Девушка первой вылетела из комнаты, словно на крыльях, не забывая улыбаться. От ее улыбки у Дениса повышалось настроение.
В прихожей босоножки она обувать не стала. Скептически поморщившись, заявила, что у нее ноги болят до сих пор, а издеваться над собой она не любит, поэтому сунула их в голубые кеды.
Дэн нашел это по-детски очаровательным – воздушное лазурное платье и высокие кеды почти того же цвета. И он не отказался бы сейчас оказаться с Марией на ее милом диванчике напротив волшебной картины, но с условием, что в ее доме никого не будет, хотя бы пару часов…
– Прошу, Бурундучок, – открыл мне дверь чересчур галантный Смерч.
– Спасибо, Бурундучок, – отозвалась я едко. В кедах я чувствовала себя более уверенно, хотя с платьем уже свыклась. Мне даже нравилось, как тонкая ткань холодит кожу.
– Почему ты меня так зовешь? – полюбопытствовал парень, спускаясь следом за мной.
– А ты меня почему? Насколько Машина голова помнит, я – Чип, а ты – Дэйл.
– Логично. Эй, стой, подожди меня! Ты должна мне дать руку!
– А ногу не хочешь? – спросила я тут же, но ладонь протянула, радуясь, что Смерчинский не видит моей улыбки.
Мы оказались на улице, трогательно взявшись за руки, и ушли в глубь двора, скрывшись за густой листвой тополей.
На светлом еще небе, западная часть которого была озарена последними лучами заходящего солнца в розовый цвет, виднелась белая, почти прозрачная половинка луны, и мы, не сговариваясь, уставились на нее, и несколько минут смотрели вверх. А потом так же синхронного опустились на лавочку.
– Маша? – осторожно спросил Смерч и подул мне на волосы. – Маш?
– Что, Дэн? – негромко спросила я, понимая, что этот момент надолго сохраню в своей памяти.

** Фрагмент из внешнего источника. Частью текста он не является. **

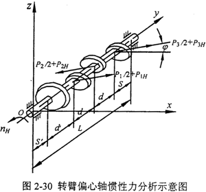 一級(jí)輸出二級(jí)輸入軸上的慣性力大小及方向如圖2-30所示,假設(shè)慣性力與x軸正向所成的角度為φ,則轉(zhuǎn)臂偏心軸上的慣性力矢量和為:
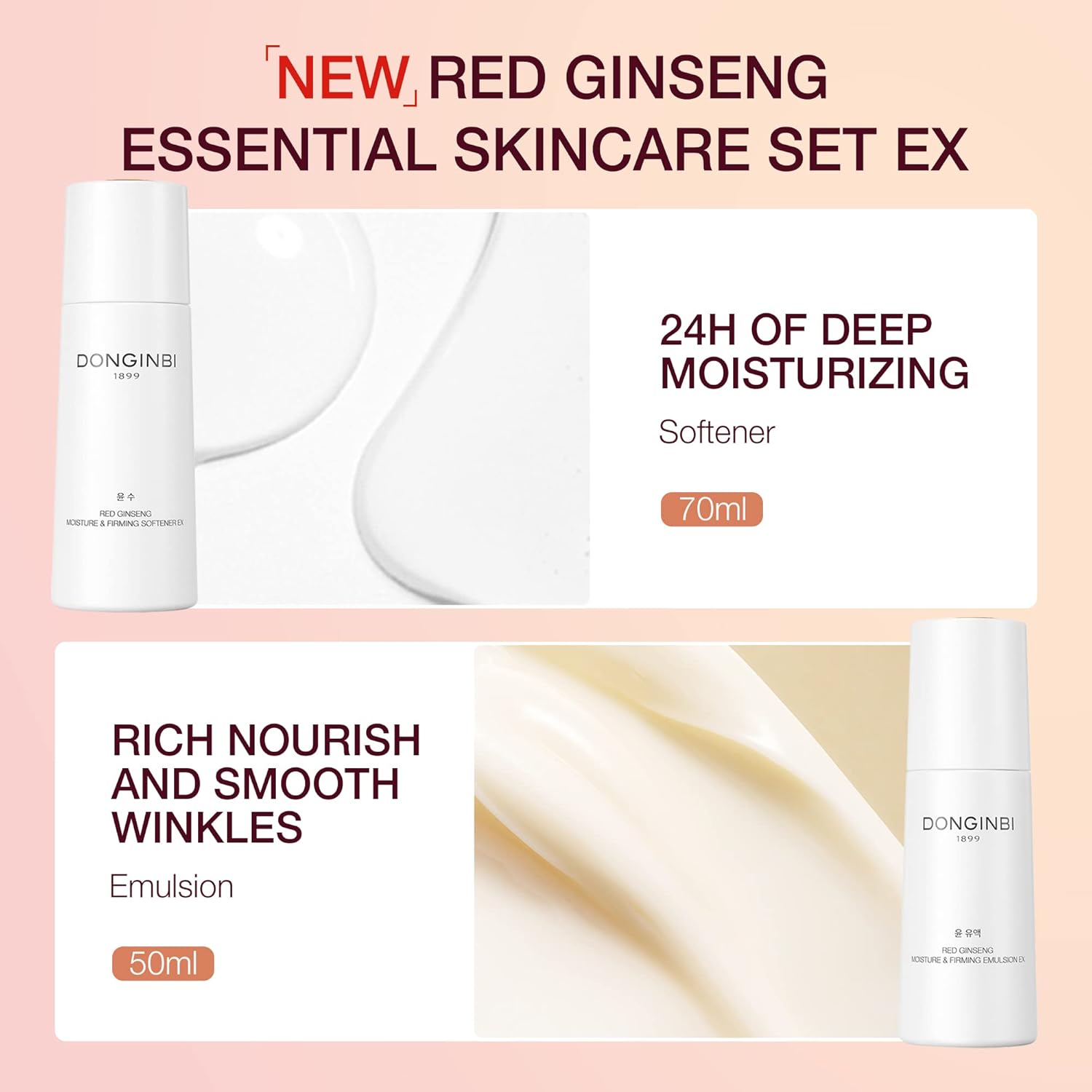 - All In One Care Set: The skin care set contains a 70ml of 1899 Single Essence EX, 50ml of Moisture & Firming Softner, 50ml of Moisture & Firming Emulsion, 50ml of Red Ginseng Micro Cleansing Foam EX. All our skin products are rich in Korean 6-year-old red ginseng extracts which can help protect the skin, strengthen the skin barrier, and help reduce the visibility of wrinkles.
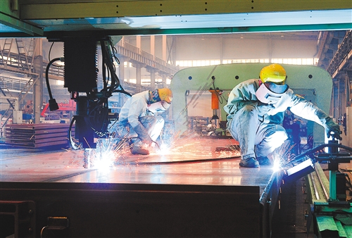 一机集团北方创业公司员工正在进行底架铺板焊接。
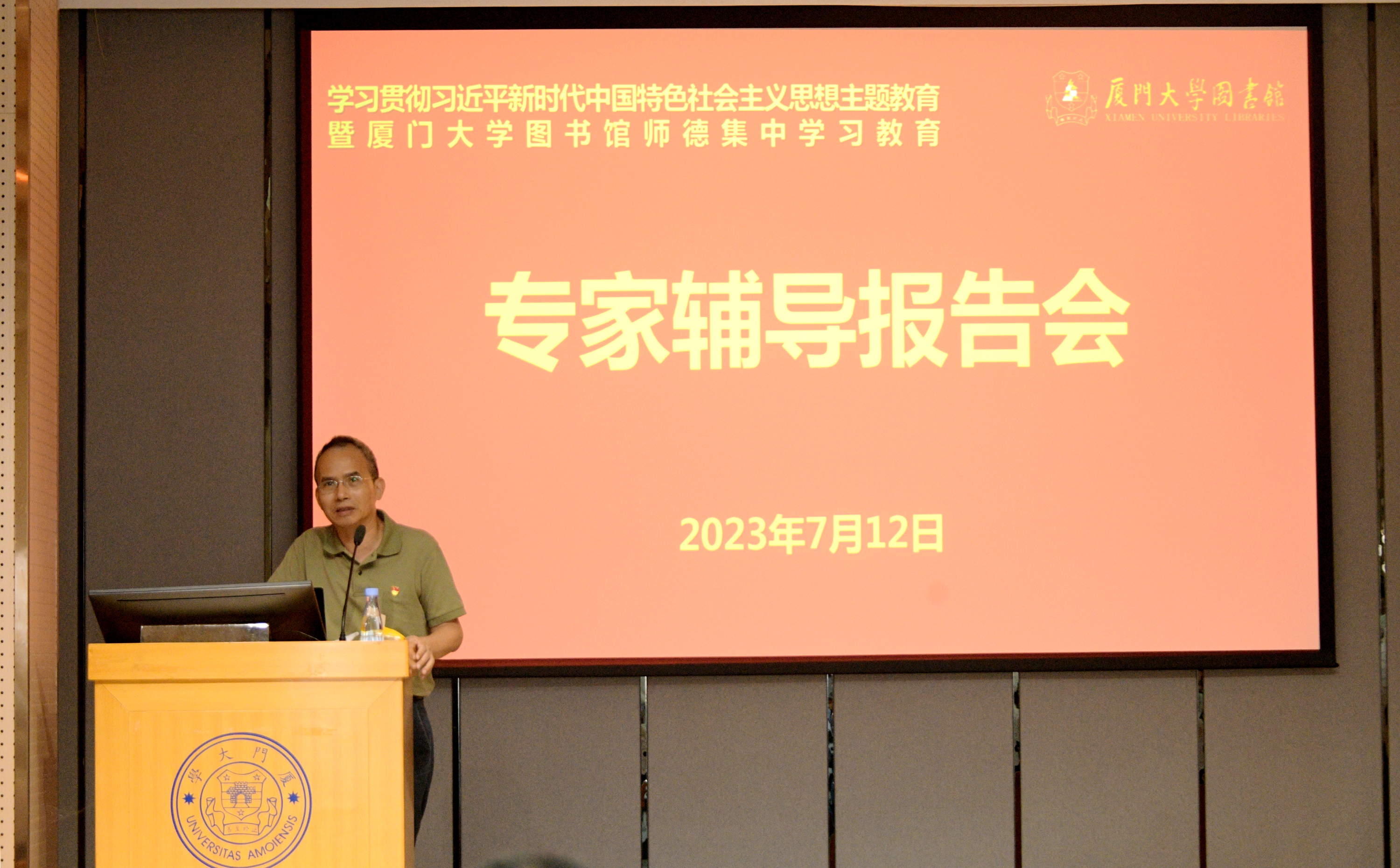 7月12日下午,图书馆举办学习贯彻习近平新时代中国特色社会主义思想主题教育暨厦门大学图书馆师德集中学习教育专家辅导报告会,复旦大学特聘教授、复旦大学社会科学高等研究院专职研究员、复旦大学国际关系与公共事务学院博士生导师贺东航应邀为全馆员工作专题辅导。报告会由馆党委书记侯利标主持。

– Ты согласна продолжить наше общение? На том уровне, который от нас ожидают? – задал мне вопрос Смерч.
– Ага, – отозвалась я деланно печально, хотя внутри взрывались от радости радуги. – Согласна. А когда ты мне расскажешь про Князеву и Ника? Зачем тебе понадобилось следить за ними, а? И разбивать их пару?
– Я все тебе расскажу. Только чуть позже, – вновь пообещал Дэнни. – Однажды я обязательно тебе все расскажу. Чип, сейчас я – железо.
– Люблю самокритику, – покивала я. – А с чего ты себя так невзлюбил, железо?
– Просто ты сегодня как магнит. Меня к тебе тянет. И пока я этого не сделаю, я не оставлю тебя.
– Этого? Чего – этого? – не поняла я сначала, но он мне все объяснил на языке жестов и прикосновений.
Вместо ответа Дэн положил мне руку на затылок, чуть приподняв голову, и передал мне пару тысяч микробов, а вместе с ними желание переделать эти чудесные минуты в столетия. Просто поцеловал – так знакомо, ласково, ненапористо, с изумительной чувственностью, которая могла бы стать прекрасным подарком любой, наверное, девушке любого возраста. Он не просто касался моих губ, а как будто бы общался со мной через поцелуй на каком-то ранее неведомом мне уровне, настолько близком и понятном, что у меня чуточку немели руки от изумления – почему я раньше не знала этого прекрасного языка? Почему не общалась на нем?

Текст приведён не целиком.